Common failure cases
- The user pauses to think, and the agent interrupts.
- The user says “uh… tomorrow morning,” and silence-only logic commits too early.
- Background noise trips VAD and creates phantom turns.
- The model hears the words correctly, but the endpointing policy still feels slow.
§5. WebSocket and pipeline notes
- WebSockets are persistent and bidirectional, which suits streaming audio and event traffic.
- A voice client usually sends audio chunks, keepalives, and interruption signals.
- A server usually returns partial transcripts, final transcripts, tokens, audio chunks, and control events.
- A good orchestrator tracks stable transcript state, in-flight LLM calls, playback state, and cancellation.
Minimal event list
audio_chunk
vad_state
partial_transcript
final_transcript
llm_first_token
tts_audio_chunk
interrupt
session_heartbeat
§6. End-to-end voice model notes
- Native speech-to-speech systems reduce glue code and can feel more natural.
- They often win for fast prototypes, consumer assistants, and demos.
- Cascaded pipelines still win when observability, control, or compliance matter most.
- Keep both answers ready in interviews.
§7. Latency budget template
| Stage |
Target p95 |
What to inspect if slow |
| End-of-turn detection |
200-400 ms |
Silence threshold, semantic checks, VAD noise |
| STT finalization |
100-250 ms |
Region placement, chunking, vendor behavior |
| LLM TTFT |
200-500 ms |
Prompt size, model size, cache, provider load |
| TTS first audio |
100-300 ms |
Chunking strategy, vendor, playback buffering |
| Playback / jitter |
50-100 ms |
Client buffers, device output, network smoothing |
One-line rule
If you cannot name which stage owns the missing milliseconds, you are not debugging yet.
§8. Interview framing
- Start with the user experience problem, not model fandom.
- Define the stage-level latency budget before naming vendors.
- Separate VAD, endpointing, and barge-in clearly.
- Mention p95, not only averages.
- Mention governance if voice cloning appears.

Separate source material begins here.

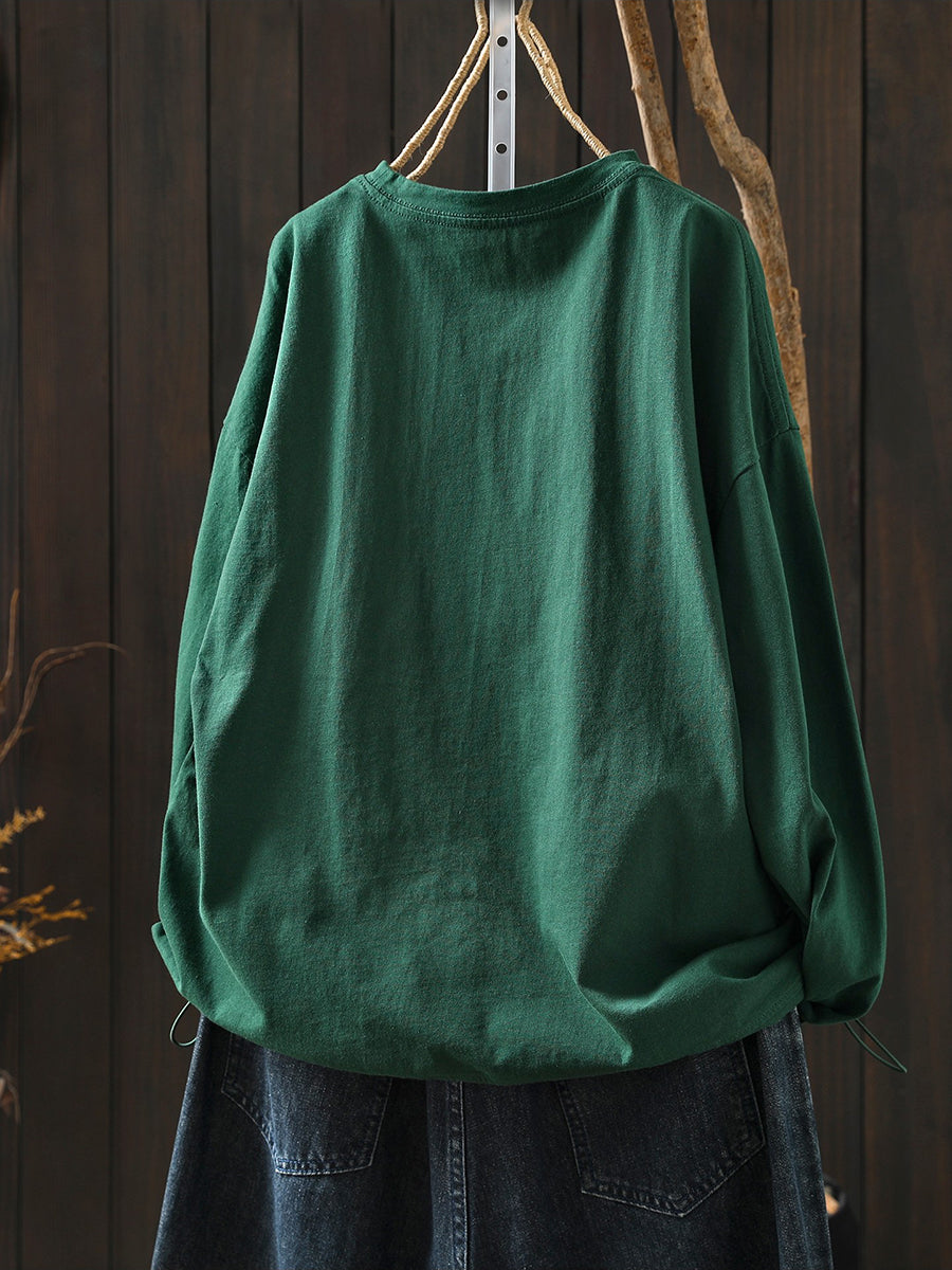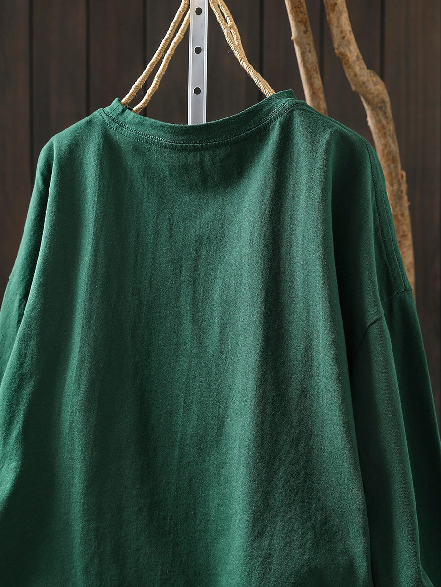 Women Spring Artsy Flower O-Neck 100%Cotton Blouse

- Mention telephony constraints if the use case is customer support.
§9. Self-check with references
- Explain why voice latency feels socially harsher than text latency. See 02_explainer.md §1-§2.
- Give a high-level Whisper architecture summary. See 02_explainer.md §3.
- What is the difference between word-level timestamps and endpointing? See 02_explainer.md §3.
- Why is TTFA more user-relevant than total TTS time? See 02_explainer.md §4.
- Draw the relay-race pipeline and name one failure mode at each handoff. See 02_explainer.md §5.
- When does an end-to-end voice model beat a cascaded pipeline? See 02_explainer.md §6.
- Name two honest limitations of present-day voice AI. See 02_explainer.md §8.
- Which of the four foundation gaps still needs repair for you? See 02_explainer.md §9.
§10. Reading list
- Whisper paper (Radford et al., 2022).
- OpenAI Realtime API docs.
- Deepgram or AssemblyAI streaming documentation.
- ElevenLabs or Cartesia streaming TTS docs.
- Silero VAD documentation.
- LiveKit Agents or Pipecat architecture docs.
- One telephony vendor guide for PSTN bridging, such as Twilio Voice.
Study completion health check
- [ ] I can explain the relay-race metaphor without notes.
- [ ] I can tell VAD, endpointing, and barge-in apart in one minute.
- [ ] I know my preferred ASR, LLM, and TTS default stack and why.
- [ ] I can defend a p95 latency budget with stage names.
- [ ] I know when an end-to-end voice model is the better abstraction.